I managed to get a few of the tasks done but even that became guesswork based on mutilation of successful commands as opposed to creating a command that would work from scratch. Deeply frustrating and the successful and elegant tables I could see on other machines by my fellow classmates made it worse as I couldn’t really see why I didn’t get SQL.

I will have another bash at this but I have to admit that my enthusiasm for another session is low. The chances of ever having to interrogate an SQL database like this are very low and it was so difficult I don’t want to waste any more time. I would like to understand it and master it at a basic level but will have to convince myself it's worth it first.

On a brighter note my new suit was fantastic.

Monday, 10 October 2011

HTM Hell

There has been a small hiatus, my loyal readership, as I had a very busy week and could not quite crack the HTML task in DITA. I managed to get all the pages up and viewable after following some advice from a tutor and I also crowd sourced some answers from others on the message boards.

But I still could still not get the images to show up.
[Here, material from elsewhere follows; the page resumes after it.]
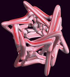 Keywords: mathematica 3d cg parametricplot3d texture torus knot 輪環 りんかん ドーナツ どーなつ 結び むすび 捩れ よじれ プログラム コード code program algorithm コード アルゴリズム geometric sculpture geometricsculpture shape geometry sculpture mapping テクスチャ マッピング 模様 もよう abstract 抽象 ちゅうしょう アブストラクト design pattern デザイン パターン graphic グラフィック グラフィクス structure 意匠 構造 symmetry 対称性 たいしょうせい シンメトリー 対称 たいしょう algorithm black background photo border surreal a = 5; (* center hole size of a torus *) b1 = 4; (* number of cross *) b2 = 3; (* number of cross *) c = 7; (* distance from the center of rotation *) d = 5; (* number of torus *) w = 3; (* gap width *) SetOptions[ParametricPlot3D, PlotRange -> Full, Mesh -> None, Boxed -> False, Axes -> None, PlotPoints -> 400, ImageSize -> 3000, Background -> Darker[Purple, 0.8], PlotStyle -> Directive[Specularity[White, 90], Texture[Import["D:/tmp/86.jpg"]]], TextureCoordinateFunction -> ({#4 + #5, #5 / Pi} &), Lighting -> "Neutral"]; g[v_] := Sum[Cos[(2 k - 1) v]/(2 k - 1), {k, 4}]; x = (a - Cos[t] + w Sin[b1 s]) g[b2 s] + c; y = (a - Cos[t] + w Sin[b1 s]) Sin[b2 s] + c; z = Cos[b1 s] + Sin[t] + c; rot = Table[{x, y, z}.RotationMatrix[2 i Pi/d, {1, 1, 0}], {i, d}]; ParametricPlot3D[rot, {t, 0, 2 Pi}, {s, 0, 2 Pi}] (*--- The Texture is this: www.flickr.com/photos/tanaka_juuyoh/5412528282/ *) a = 5; (* center hole size of a torus *) b1 = 4; (* number of cross *) b2 = 3; (* number of cross *) c = 7; (* distance from the center of rotation *) d = 5; (* number of torus *) w = 3; (* gap width *) SetOptions[ParametricPlot3D, PlotRange -> Full, Mesh -> None, Boxed -> False, Axes -> None, PlotPoints -> 400, ImageSize -> 3000, Background -> Darker[Purple, 0.8], PlotStyle -> Directive[Specularity[White, 90], Texture[Import["D:/tmp/86.jpg"]]], TextureCoordinateFunction -> ({#4 + #5, #5 / Pi} &), Lighting -> "Neutral"]; g[v_] := Sum[Cos[(2 k - 1) v]/(2 k - 1), {k, 4}]; x = (a - Cos[t] + w Sin[b1 s]) g[b2 s] + c; y = (a - Cos[t] + w Sin[b1 s]) Sin[b2 s] + c; z = Cos[b1 s] + Sin[t] + c; rot = Table[{x, y, z}.RotationMatrix[2 i Pi/d, {1, 1, 0}], {i, d}]; ParametricPlot3D[rot, {t, 0, 2 Pi}, {s, 0, 2 Pi}] (*--- The Texture is this: www.flickr.com/photos/tanaka_juuyoh/5412528282/ *)
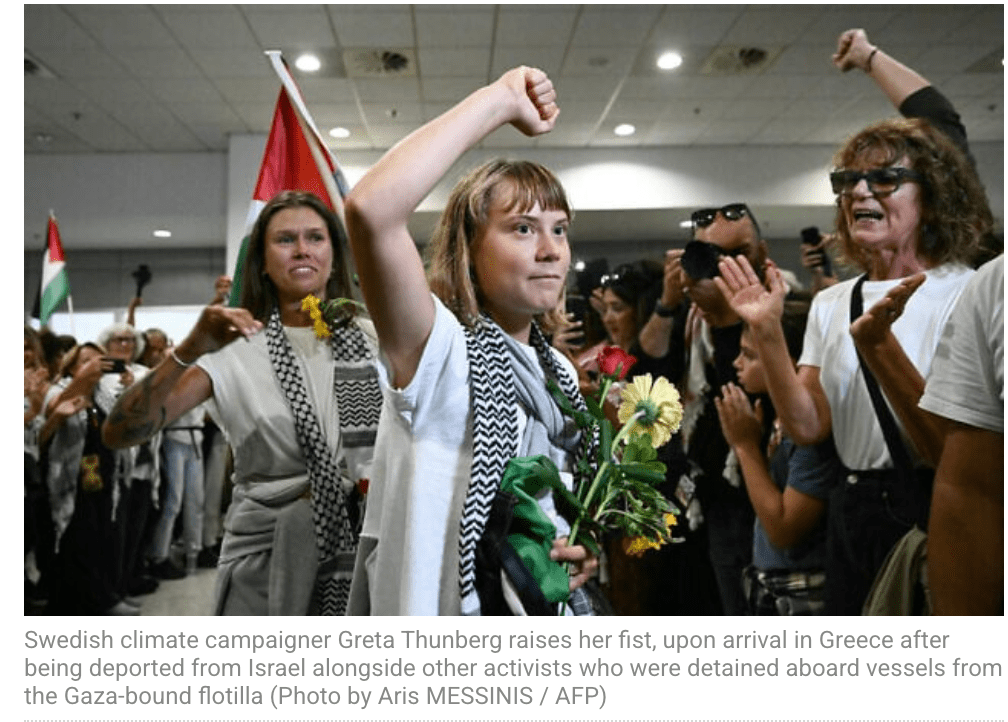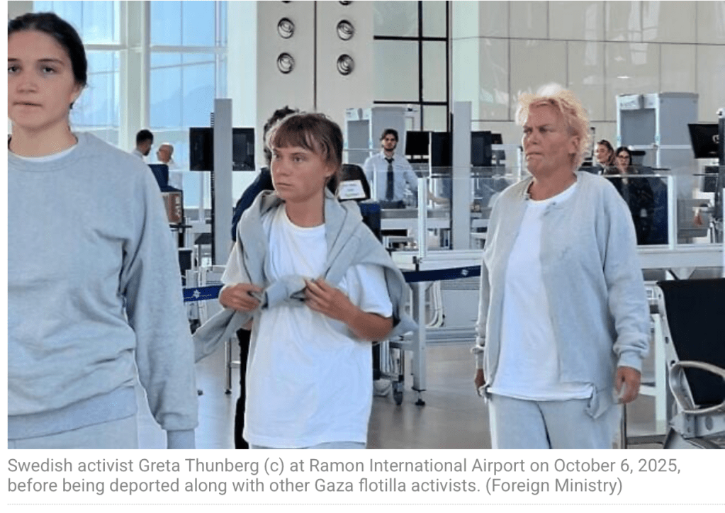 170 weitere Aktivisten der Gaza-Flotilla, einheitlich in grau-weisse Gefängnisbekleidung gehüllt, verliessen heute über den Flughafen Ramon Israel in Richtung Griechenland und Slowakei. Die Aktivisten stammen aus: Griechenland, Italien, Frankreich, Irland, Schweden, Polen, Deutschland, Dänemark, der Slowakei, der Schweiz, Norwegen, GB, Serbien und den USA. Israel betont, dass «alle Rechte der Aktivisten in dieser PR-Show während der gesamten Zeit eingehalten wurden und auch weiterhin werden. Die Lügen, die sie verbreiten, sind nichts anderes als Teil ihrer im Vorhinein geplanten Kampagne um ‘fake news’ zu verbreiten. Die einzige Gewalttat, die stattfand, war, dass eine spanische Aktivistin einen medizinischen Mitarbeiter im Ketzioit Gefängnis biss.»

Once again the answers were on the message boards and I had to copy the picture files over to the W drive to make them appear. A clash between relative and absolute links had seemed to be the issue and low and behold it was.

A quick copy across and there I was. It looks like a personal website from when I was first on the information superhighway back in the early nineties. Sparse, plenty of bone white screen, not very well adjusted and pretty dull. But it is still up there and the links between all sites work with the pictures and that can only be called a victory.

As well as managing to get that page up, this has shown me the value of the course message boards. There’s currently talk of arranging a visit to Kings and some sort of social gathering which is all good and the assistance available via tutors and other students has already proved its worth beyond doubt. Hopefully I’ll be able to help out some others as the course goes on.

Unfortunately I have to go to my tailors to pick up a new suit tonight so will miss any first post lecture drinks, but hope to make any future meet ups. Just who are most of these people I am surrounded by on a Monday...?

Now we have moved to databases and SQL. Familiar terms from my time at Nokia but I never cracked those books open. I think I understand the basics of it and have an intellectual understanding of database construction and interrogation but the proof is in the eating of the pudding.

Just looking at the end tasks, this is going to take some more skull power to solve, so in I go to SQL Land, population millions of bits of data.